Macrons Rede von Anfang Woche hallte noch nach. Juncker liess es sich nicht nehmen, seinen Kollegen gleich noch eine Hochglanzbroschüre zu unterbreiten, in der er die Unterschiede und Gemeinsamkeiten seiner und Macrons Überlegungen auf den Punkt bringt. «Two Visions, one Direction» ist der Titel der Broschüre. Wer wollte da Böses dabei denken.

Tusks Vergleich

Donald Tusk wiederum, Präsident des Europäischen Rates, liess es sich nicht nehmen, diesen Ideenwettbewerb mit dem «Eurovision Song Contest» zu vergleichen. «Manche dächten, es sei ein solcher – und vielleicht sei es das ja tatsächlich», so Tusk. Dieser «Song Contest» könne aber nur dann fruchtbar sein, wenn alle unisono – also: einstimmig – sängen.

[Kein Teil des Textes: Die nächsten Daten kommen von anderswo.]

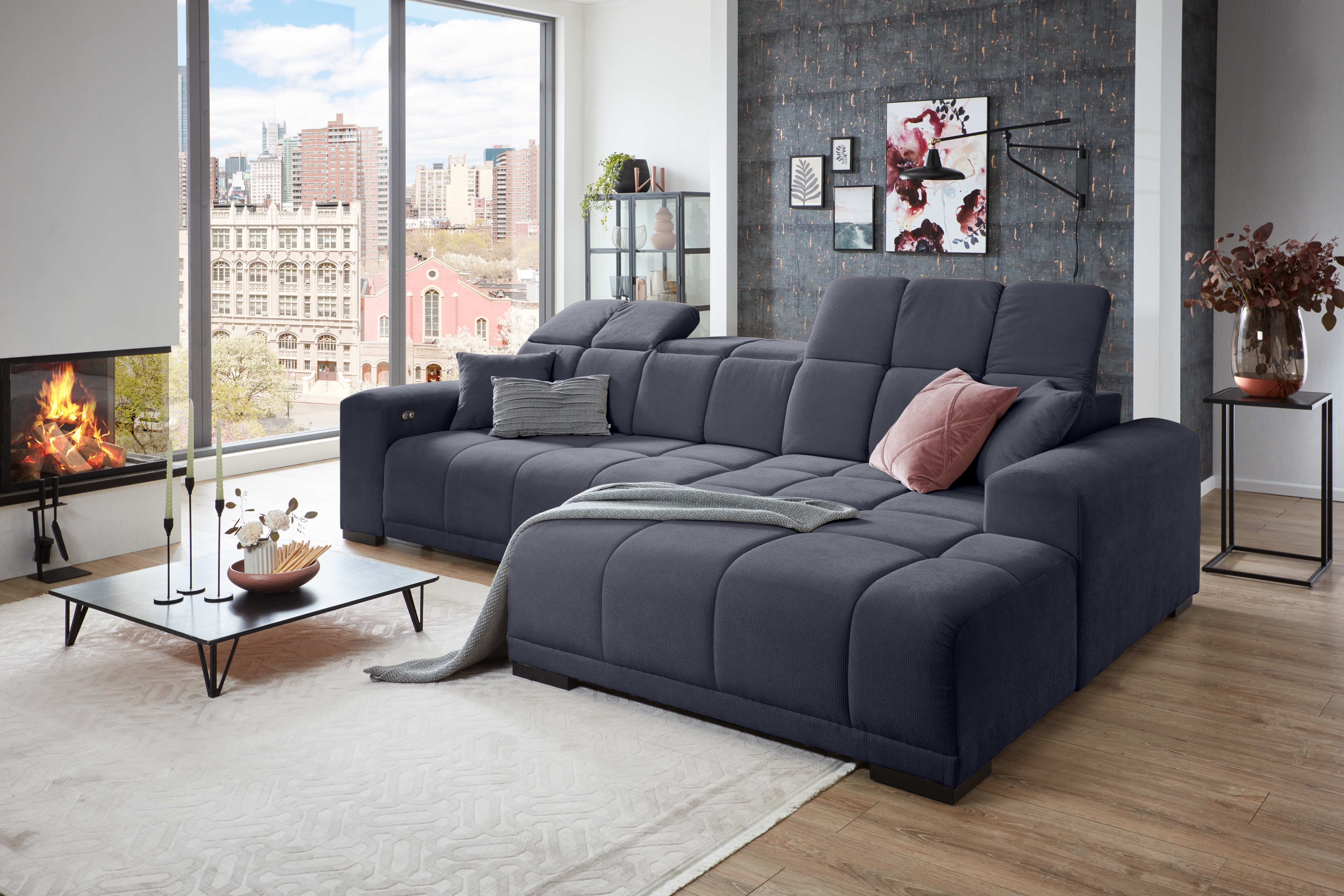 Equipement canapés: | Appuie-tête(s), Méridienne à droite, Prolongement de l'assise motorisé, incl. coussins |

Dieser etwas saloppe Vergleich von Tusk bringt die Bedenken vieler auf den Punkt, dass zu hochfliegende Vorstellungen über die Zukunft der EU Enttäuschungen auslösen könnten – weil sie am politisch Machbaren scheitern. Und dass vor allem Macrons Vorstellungen den Graben zwischen West und Ost zusätzlich vertiefen könnten. Er fordert nämlich, dass einzelne Länder auch sollen vorwärts machen können, wenn andere das nicht wollen und zurückbleiben.

Erstaunliche Harmonie

Zahlreiche Diplomaten berichten aber, dass es am Gipfel und vor allem beim gestrigen Abendessen trotzdem erstaunlich harmonisch zu und her gegangen sei. Die Gefahr bestehe aber, dass eine kontroverse öffentliche Debatte im Keime erstickt wird, wenn nun von Anfang an der Fokus auf das Machbare und auf Einstimmigkeit gerichtet wird. Und die Debatte zuletzt auch nicht mehr viel bringt.

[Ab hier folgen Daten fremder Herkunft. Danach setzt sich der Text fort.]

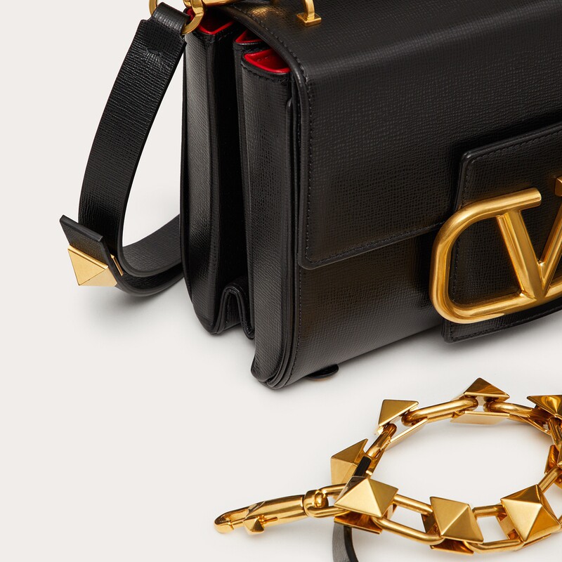 VALENTINO VALENTINO Stud Sign grained calfskin shoulder backpack

Ratspräsident Donald Tusk muss nun bis in zwei Wochen einen Vorschlag für das weitere Vorgehen ausarbeiten. Ein Regierungsprogramm quasi, für die kommenden zwei Jahre. Die Staats- und Regierungschefs wollen das «entstandende Momentum» nutzen, um vorwärts zu machen.

Die Rolle Deutschlands

Macrons Rede wirkt also. Ob die Regierungschefs aber beispielsweise auch das Volk in die Debatte miteinbeziehen wollen, wie dies Macron fordert, muss sich erst noch weisen.

Auch die deutsche Kanzlerin Angela Merkel meldete sich noch spätabends zu Wort: Sie werde sich einbringen. Bis zur Bildung einer neuen deutschen Regierung wird sie vor allem auch Fragen stellen. Fragen, welche auch ihre möglichen Koalitionspartner stellen könnten. Das ist nicht gerade viel. Deutschland wird bei der Debatte der nächsten Monate also wohl keine sehr zentrale Rolle spielen.